Chapter 2, The Fundamentals of Observability, covers various types of data required for observability, how to map dependencies and relationships, how to handle configuration items, and KPIs used for measuring performance. When these concepts are combined, they form the building blocks for observability.

Chapter 3, The Real World and Its Challenges, presents some of the challenges that organizations may encounter while implementing observability and potential workarounds for the challenges.

Chapter 4, Collecting Data to Set Up Observability, outlines the different layers of data collection that make up the observability landscape. These layers are infrastructure, then application, business service, and organization. It also covers efficient methods for data collection across all the layers.

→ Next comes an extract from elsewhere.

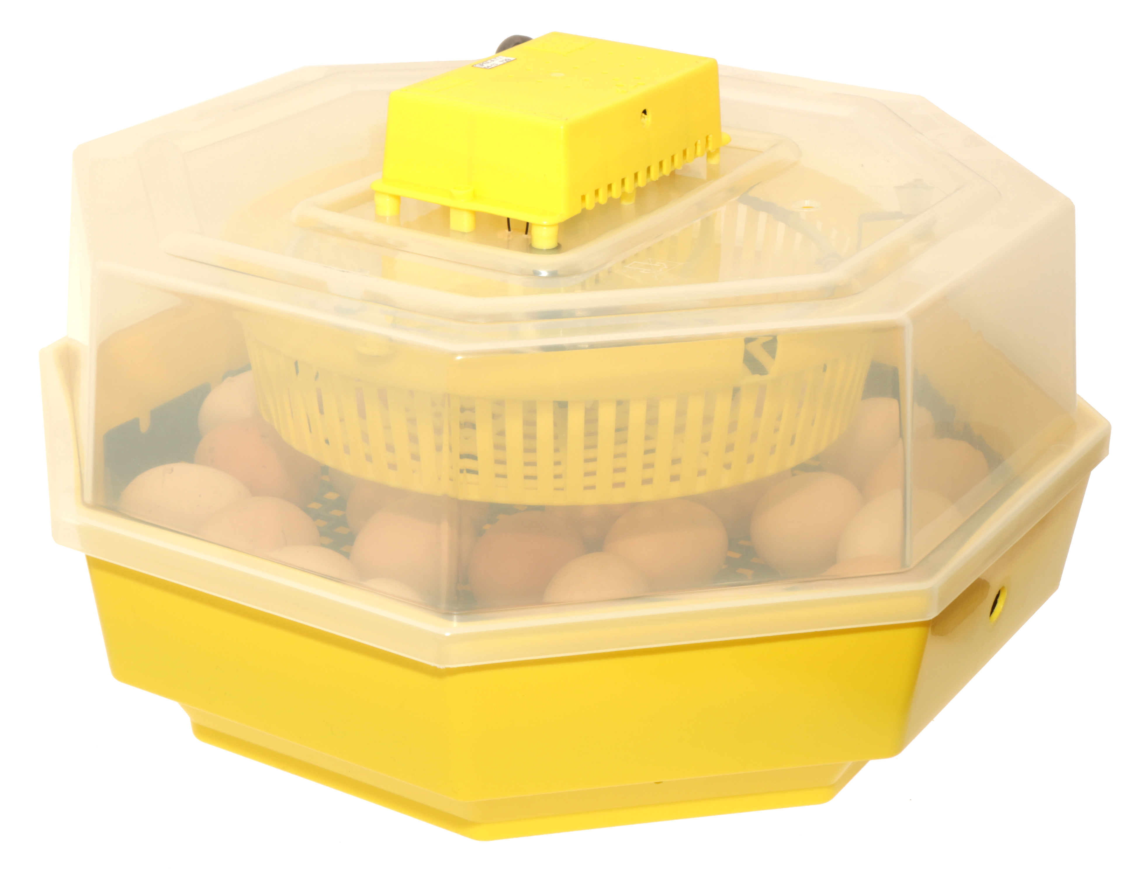 może pomieścić do 60 jaj kurzych. Wówczas jaja układana są w inkubatorze jedno przy drugim. Istnieje możliwość rozbudowania inkubatora o dodatkową półkę na jaja. Zwiększa ona pojemność inkubatora 2 razy. Wówczas inkubator będzie mógł pomieścić nawet do 120 jaj kurzych, (patrz

Chapter 5, Observability Outcomes: Dashboards, Alerts, and Incidents, discusses dashboards, alerts, and incidents in detail in the context of observability. We will look at what they mean, what the benefits are, who sets them up, who the consumer is, and how to maintain these outcomes.

Chapter 6, Gauging the Organization for Implementing Observability, is intended to encourage you to analyze the culture of your organization and find out whether it is clan, control, create, or complete culture. This will help in planning and implementing a suitable observability strategy and also helps to gauge the effort required for successful implementation. It also introduces the concept of a governance model that helps in developing and maintaining standards and frameworks for observability.

Chapter 7, Achieving and Measuring Observability Success, introduces maturity levels, namely Initial, Defined, Managed, and Quantitatively Managed, and provides guardrails to guide you through the implementation process. This chapter also emphasizes the importance of the skills required by the organization, particularly the application teams, for this cultural shift.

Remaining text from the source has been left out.